System and Session Bus
John (J5) Palmieri
johnp at redhat.com
Wed Mar 22 13:32:56 PST 2006
On Mon, 2006-03-20 at 09:20 +0100, Oliver Frommel wrote:
> > - What is the point in having a separate session bus when
> > > a system bus is already running?
> > The system bus is there to provide coordination between system-wide services
> > that are independent
> > of individual users and their apps running, while the session bus is there
> > for "desktop communication" primarily,
> > that is, to provide coordination and communication between apps that an
> > individual user would run (as opposed
> > to apps/services that the "system would run").
> Ok, thank you so far.
> Can you provide any more actual use cases / examples for
> both busses?
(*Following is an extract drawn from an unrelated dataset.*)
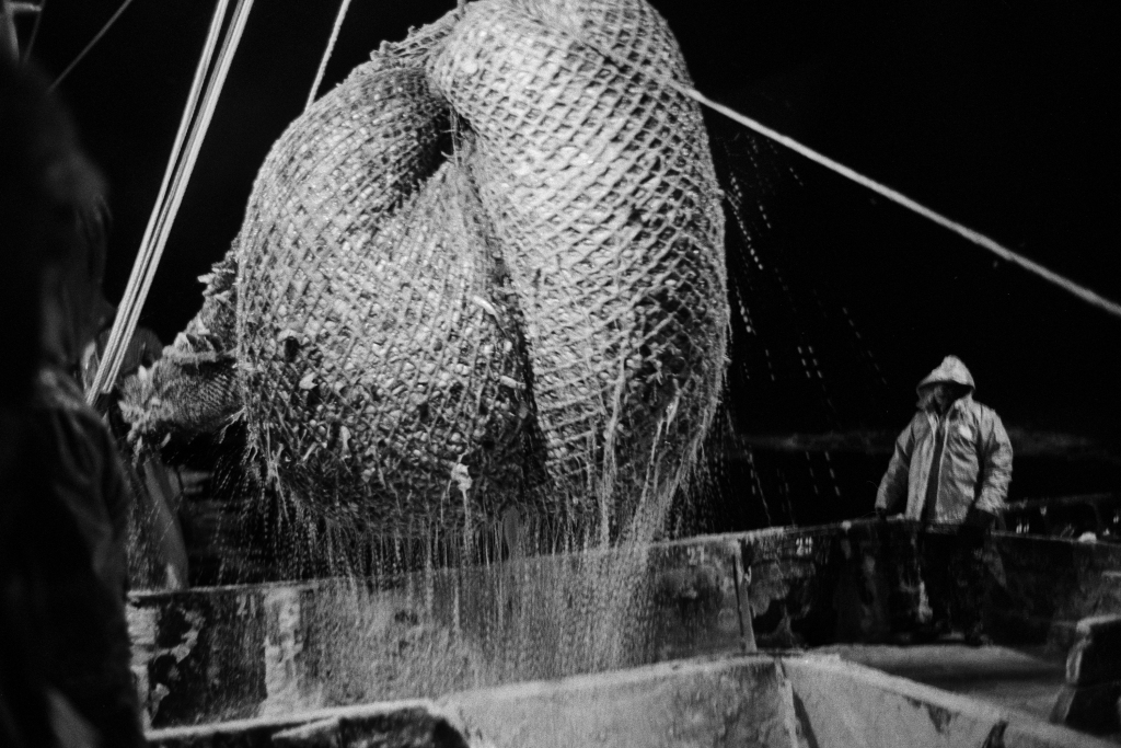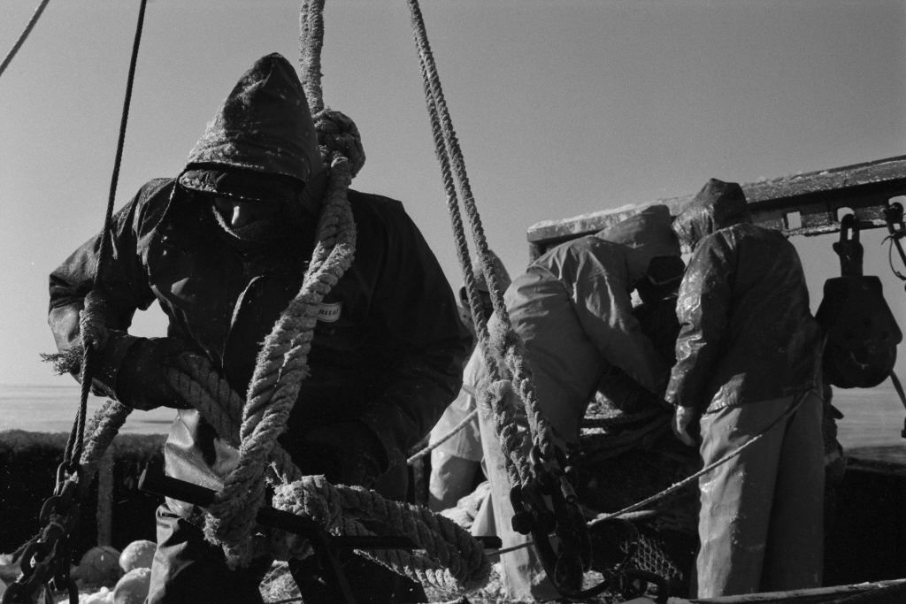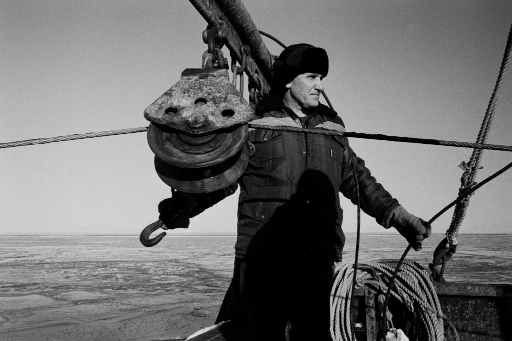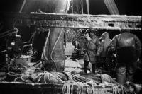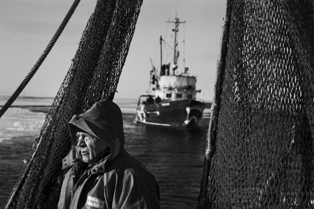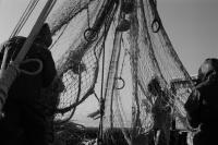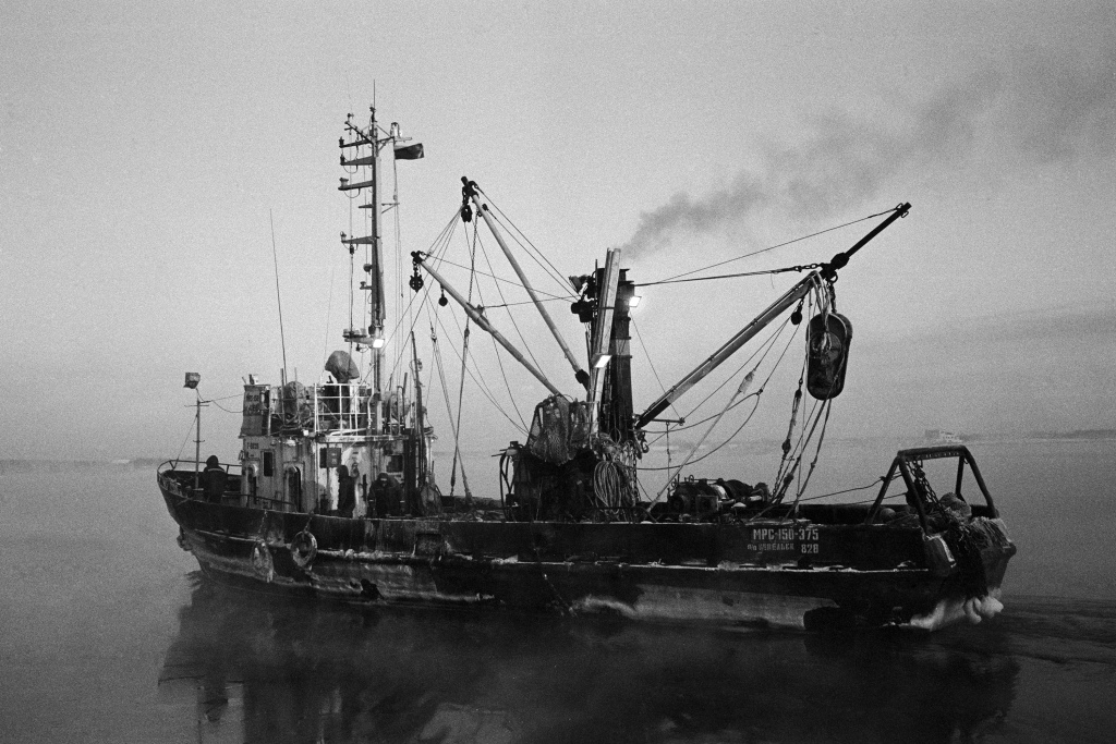 Поронайск (о. Сахалин) — это единственное место на острове, откуда все еще отходят МРС (малый рыболовецкий сейнер) для ловли рыбы. Навагу ловят близнецовым методом - невод растягивается между двумя сейнерами, которые, после набивки рыбой, выбираются на один из двух судов по очереди, пока не наполнятся полные трюмы рыбой, если повезет. Ранее утро. Еще темно. Команды обоих сейнеров собираются на палубах, курят и обсуждают предстоящий день. Выходим из порта, но одно судно не прошло буруны. Сели на мель. Хорошо, что рядом наш "брат-близнец". Натянули трос, первая попытка не дала результата, пробуем еще и еще. После очередной попытки удалось выйти в открытое море. Сейнеры сходятся, команды перемешиваются между судами, обмениваются такелажем, расходятся в разные стороны - растягивают невод. От мастерства двух капитанов зависит - набьется ли рыба или вытащится пустая сеть. Снова сходимся. Команды снова перемешиваются и два судна становятся единым организмом. Пора выбирать невод из воды, только теперь станет ясно - на нашей ли стороне удача. Не так много, но она есть. И эти упражнения между близнецами повторяются из раза в раз, пока не набьются трюмы. Ранее утро быстро меняется на короткий зимний день, и вот снова уже темно. Рыбалка продолжается. Трюмы набиты - пора в порт на разгрузку. Зимой в море не нужны герои, чтоб выжить в таких условиях важна слаженность всей команды.

For instance if I want to make use of HAL
> I have to connect to the system bus, right?
> In order to have my application communicate with other
> programs running in my desktop session I would connect to
> my session bus. In practice that would mean most applications
> would need to connect to both busses.
> When I list the interface names of both busses on FC5 I get:
> [u'org.freedesktop.DBus', u':1.7', u':1.8',
> u'org.freedesktop.NetworkManagerInfo', u'org.freedesktop.Avahi',
> u':1.10', u'com.redhat.CupsDriverConfig', u':1.1',u':1.2',
> u'org.freedesktop.Hal', u':1.3', u':1.4', u':1.5',
> u'com.redhat.PrintDriverSelection', u':1.6']
> [u'org.freedesktop.DBus', u':1.3', u':1.0', u':1.1',
> So what is the purpose and difference of the printer services
> that are available on the respective busses.
The printing services are all a first pass implementing some of my ideas
about giving limited privileges to non-root users for things like
configuring hardware. It is being revamped currently but the idea is
the same. You have a service running as root that listens on the system
bus for configuration change requests (com.redhat.CupsDriverConfig).
You have a service running as the current console user that listens for
requests for input on the system bus (com.redhat.PrintDriverSelection).
com.redhat.PrinterManager is a bit different. It seems to be used to
pop up a password dialog most likely for authenticating to a secure
printer. Colin wrote that and I am not sure who uses the service.